Python and Clojure side to side

Python and Clojure side to side.

Introduction

We are building an in-house product in our unit. I was asked to create a quick proof of concept (POC) to see if it is feasible to create this kind of product. I asked if I am allowed to use what ever tools I want to build the POC as fast as possible. The product owner said yes. I chose to build a Clojure fullstack app. The application runs on AWS platform and uses several AWS services like Cognito, DynamoDB, and Bedrock. I used Cognitect aws-api to interact with those AWS services.

It was really fast to build the fullstack Clojure POC. But later on, the product owner said that we start to build the actual product, and for the product we need to use more mainstream languages. He chose Python as the language for the backend, and Typescript for the frontend. I was asked to convert the Clojure POC backend to Python. Product owner suggested that I use some generative AI tool with the conversion. I thought that this was a good idea. I would see how feasible it is to use genAI tools in that kind of conversion. This blog post describes my experiences with that conversion work.

Strategy

I had heard bad experiences regarding converting code bases from one language to another in one shot. I was experimenting converting simple Clojure functions to Python, and I realized that mostly the conversion was done pretty well, but there were small errors here are there. If there are e.g. just one error per function, that will cumulate for a big code base quite quickly. And at the end of conversion you have a new totally broken code base with the target language.

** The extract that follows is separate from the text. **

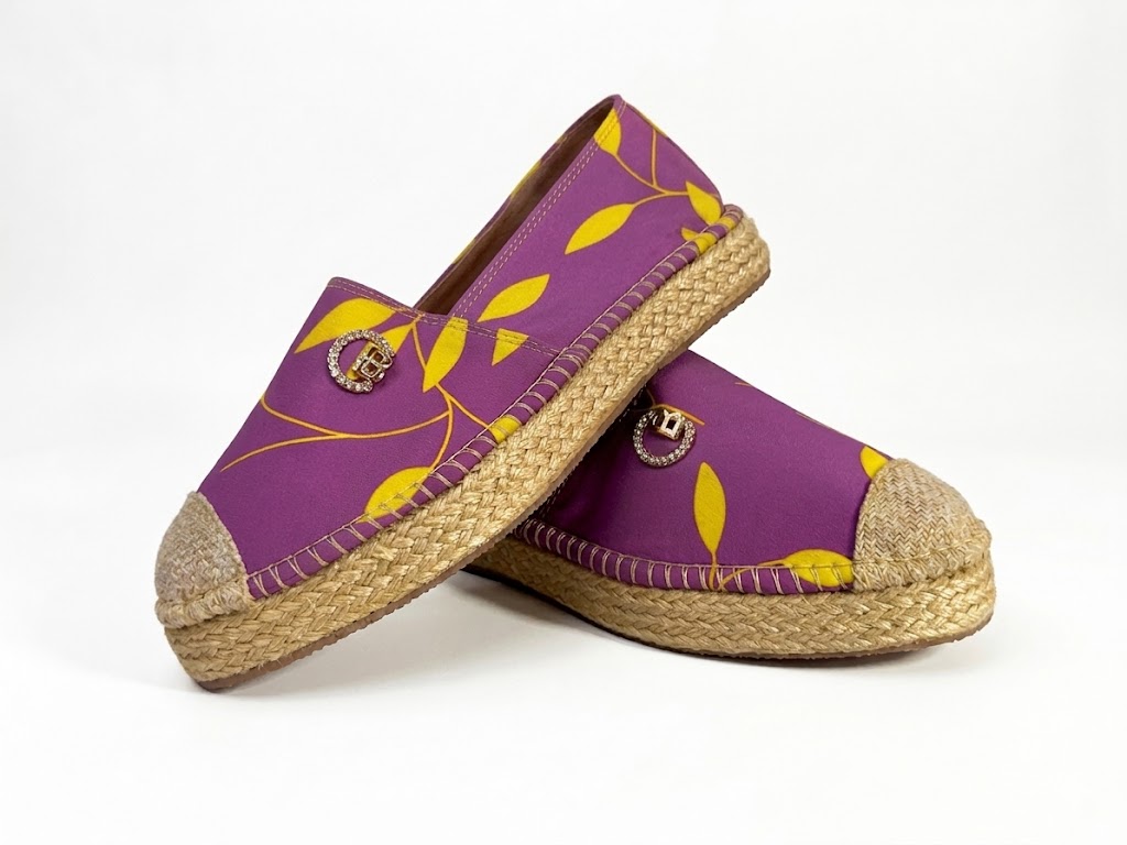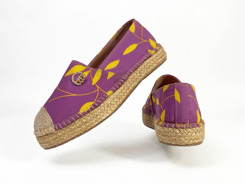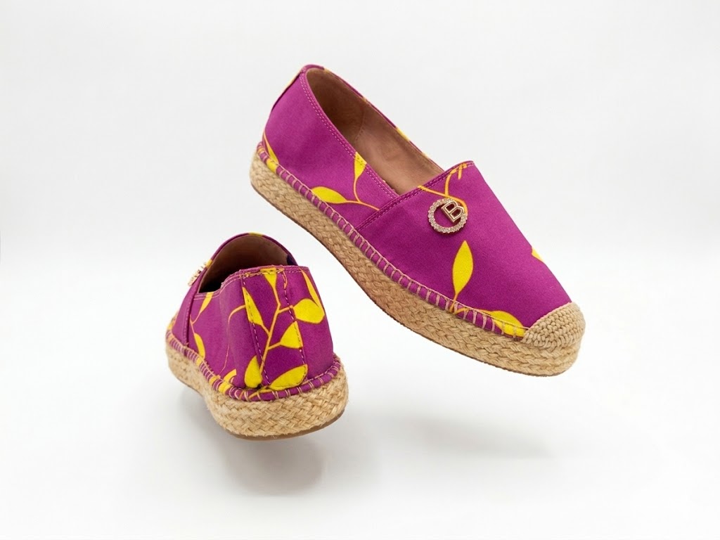 Diseñado para la mujer contemporánea que valora la elegancia orgánica, el Espadril Amara es una declaración de estilo natural y refinado. Este modelo destaca por su base de lona en un tono fucsia vibrante, sobre la que resalta un nítido y detallado patrón botánico amarillo, evocando la frescura de los días de sol. La silueta clásica de alpargata se actualiza con una plataforma de yute tejido de altura media, ofreciendo una elevación cómoda, estilizada y artesanal. El broche circular central, incrustado con cristales brillantes, añade un destello de lujo que eleva la simplicidad del diseño sin perder su esencia relaxed. Perfecto para un brunch junto al mar o un paseo por la ciudad, el Espadril Amara aporta un toque de alegría y sofisticación refined luxury a cualquier look de verano.
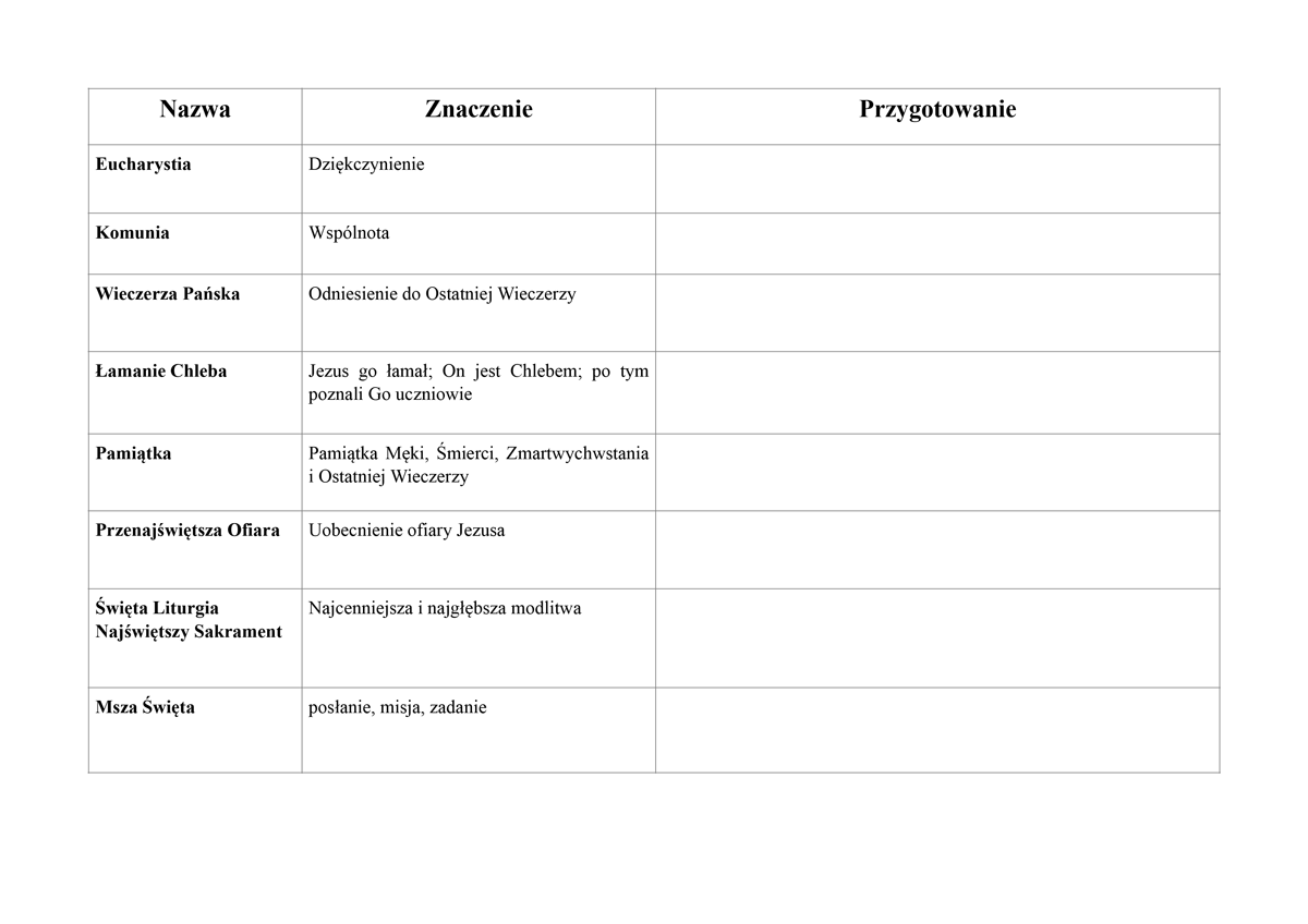 A teraz uwielbij Chrystusa za ten wielki dar, który nam zostawił, za to, że możesz uczestniczyć w Eucharystii, spożywać Jego Ciało i pić Jego Krew. Możesz to uczynić słowami Psalmu 34:

Therefore, I decided not to try to convert the whole Clojure backend code base in one shot, but to convert every Clojure function one by one, and implement unit and integration tests for each function to validate the Python function works exactly the same way as its Clojure counterpart.

While doing this kind of conversion, I realized another insight. You need to have domain knowledge and understanding regarding the source system. This was naturally easy for me, since I had written all of the Clojure POC code base. But I realized that maybe those big conversion projects had failed for two reasons. In big conversion projects you may end up with a broken code base with the target language, and possibly the conversion specialists are not those specialists who created the source system in the first place - therefore lacking true domain understanding whether the generated target system really does the same thing as the source system.

Copilot

My corporation provides a Copilot Enterprise license for me. I have been using Copilot in programming for quite a long time already. You might want to read my other Copilot related blog posts as well:

So, the first functions were a bit difficult for Copilot to convert from Clojure to Python. But then I realized that with good prompting and using the previous functions as an example (in the prompt, mentioning to use them as an example of a good conversion), Copilot became more and more fluent in the conversion work.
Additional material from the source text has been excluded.